We consider a shape characterized by a matrix of pixels (from a binary image, for example), \(\mathbf S \in \mathcal {M}_{h, l} (\left\{ 0; 1 \right\} )\), with h the height of the image, and l its width. We extract a piecewise linear contour \(\mathcal {B}\) from the shape pixels. From the boundary contour, we construct a skeleton represented by a graph whose vertices correspond to centers of skeletal balls and whose edges give connectivity information, consistent with boundary connectivity, without branches generated by pixelation noise. Following the philosophy of the Voronoï skeleton, where vertices are centers of maximally inscribed bitangent balls, we propagate circles inside the shape ensuring continuous contact with the boundary on at least two sides.

Before describing the complete algorithm in Sect. 2.4, we present some necessary tools. Section 2.1 defines a smooth distance estimation (SDE), used to compute a smoothed radius of skeletal circles. Section 2.2 explains the notion of a contact set, a key construction for robustness to noise. Finally, Sect. 2.3 describes the circle propagation principle that determines neighbors of a circle given its contact sets and the SDE.
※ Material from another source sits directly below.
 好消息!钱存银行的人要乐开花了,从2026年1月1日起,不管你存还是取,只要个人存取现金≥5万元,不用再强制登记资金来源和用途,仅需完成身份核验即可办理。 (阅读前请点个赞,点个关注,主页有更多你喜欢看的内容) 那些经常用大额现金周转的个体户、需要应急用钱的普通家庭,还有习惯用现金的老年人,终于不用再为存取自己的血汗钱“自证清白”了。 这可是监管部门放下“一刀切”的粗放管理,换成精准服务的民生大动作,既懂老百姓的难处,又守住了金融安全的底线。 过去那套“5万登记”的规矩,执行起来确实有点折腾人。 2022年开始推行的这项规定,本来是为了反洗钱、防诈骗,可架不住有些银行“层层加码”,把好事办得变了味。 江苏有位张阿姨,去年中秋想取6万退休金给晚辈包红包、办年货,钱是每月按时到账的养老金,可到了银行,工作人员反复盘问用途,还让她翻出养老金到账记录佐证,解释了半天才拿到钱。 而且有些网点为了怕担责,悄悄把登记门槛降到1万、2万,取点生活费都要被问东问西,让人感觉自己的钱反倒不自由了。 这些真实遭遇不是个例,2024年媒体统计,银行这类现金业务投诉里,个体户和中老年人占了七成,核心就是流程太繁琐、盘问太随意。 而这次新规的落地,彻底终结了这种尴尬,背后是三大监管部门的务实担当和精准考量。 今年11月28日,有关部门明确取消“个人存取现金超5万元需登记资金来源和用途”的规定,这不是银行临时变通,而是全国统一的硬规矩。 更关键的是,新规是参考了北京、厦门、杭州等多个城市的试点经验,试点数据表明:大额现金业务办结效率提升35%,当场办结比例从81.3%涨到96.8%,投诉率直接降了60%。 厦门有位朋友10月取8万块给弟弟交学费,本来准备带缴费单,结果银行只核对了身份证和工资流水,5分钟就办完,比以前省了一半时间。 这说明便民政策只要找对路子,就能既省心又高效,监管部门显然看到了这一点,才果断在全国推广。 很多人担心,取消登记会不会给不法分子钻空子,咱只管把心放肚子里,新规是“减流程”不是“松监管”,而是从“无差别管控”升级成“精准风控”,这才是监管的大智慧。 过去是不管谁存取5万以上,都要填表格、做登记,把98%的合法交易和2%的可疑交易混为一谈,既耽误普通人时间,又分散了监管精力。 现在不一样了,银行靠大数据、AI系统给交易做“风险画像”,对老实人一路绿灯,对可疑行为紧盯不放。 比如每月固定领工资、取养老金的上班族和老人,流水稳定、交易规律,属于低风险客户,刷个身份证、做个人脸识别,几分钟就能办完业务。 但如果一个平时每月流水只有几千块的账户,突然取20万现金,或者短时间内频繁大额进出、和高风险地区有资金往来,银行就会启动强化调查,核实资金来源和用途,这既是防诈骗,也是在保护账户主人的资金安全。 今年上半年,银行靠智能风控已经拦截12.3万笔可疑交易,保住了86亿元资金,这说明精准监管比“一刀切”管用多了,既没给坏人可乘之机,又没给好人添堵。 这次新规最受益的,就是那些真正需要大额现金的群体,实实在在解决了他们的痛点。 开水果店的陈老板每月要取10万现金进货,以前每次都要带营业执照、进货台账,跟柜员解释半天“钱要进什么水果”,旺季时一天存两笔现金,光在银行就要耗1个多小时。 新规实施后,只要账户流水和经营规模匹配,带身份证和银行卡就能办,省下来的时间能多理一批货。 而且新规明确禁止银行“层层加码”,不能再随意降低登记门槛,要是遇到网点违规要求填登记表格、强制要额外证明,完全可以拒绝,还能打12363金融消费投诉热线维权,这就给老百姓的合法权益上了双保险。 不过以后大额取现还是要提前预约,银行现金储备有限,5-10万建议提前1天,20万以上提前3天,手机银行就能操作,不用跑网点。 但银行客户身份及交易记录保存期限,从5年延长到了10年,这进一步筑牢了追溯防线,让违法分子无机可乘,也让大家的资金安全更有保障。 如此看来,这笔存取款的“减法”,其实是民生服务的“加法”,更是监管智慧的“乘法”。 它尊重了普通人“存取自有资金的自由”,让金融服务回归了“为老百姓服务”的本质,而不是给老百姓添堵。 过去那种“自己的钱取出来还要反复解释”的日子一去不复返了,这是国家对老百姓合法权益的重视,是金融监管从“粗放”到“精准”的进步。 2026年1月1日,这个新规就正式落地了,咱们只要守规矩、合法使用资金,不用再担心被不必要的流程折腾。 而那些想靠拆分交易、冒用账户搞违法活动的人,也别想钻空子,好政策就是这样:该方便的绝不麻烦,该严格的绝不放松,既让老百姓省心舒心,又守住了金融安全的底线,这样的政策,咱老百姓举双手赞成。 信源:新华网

2.1 Smooth Distance Estimation (SDE)

In this section, we consider a rasterized boundary. Typically, radius estimation measures the minimal Euclidean distance to a point on the contour for each point in the interior of the shape. This leads to poor radius estimates for rasterized boundaries, as shown in Fig. 2(a).

Fig. 2.
figure 2

The limitations of the Euclidean distance function compared to our proposed distance function. (a) The black circle, with center represented by a cross, is rasterized, giving the blue boundary: each pixel is considered inside the binary shape if its center is in the black circle. The red circle has same center as the black circle with radius given by the minimum Euclidean distance to a point of the contour. As the radius of the blue circle is less than that of the black circle, the Euclidean estimation of the radius is incorrect. (b) Estimated circle from the SDE, for several values of \(\sigma \). In (c), the arrows indicate from top to bottom: \(\bullet \) the original circle (\(r=10\)), \(\bullet \) the circle associated with \(\sigma =1\) (\(r=9.89\)), \(\bullet \) the circle associated with \(\sigma =0.5\) (\(r=9.55\)), \(\bullet \) the circle associated with the classic distance function (\(r= 9.51\)). When \(\sigma \) approaches 0, the radius of the circle converges to the radius from the Euclidean distance function. (Color figure online)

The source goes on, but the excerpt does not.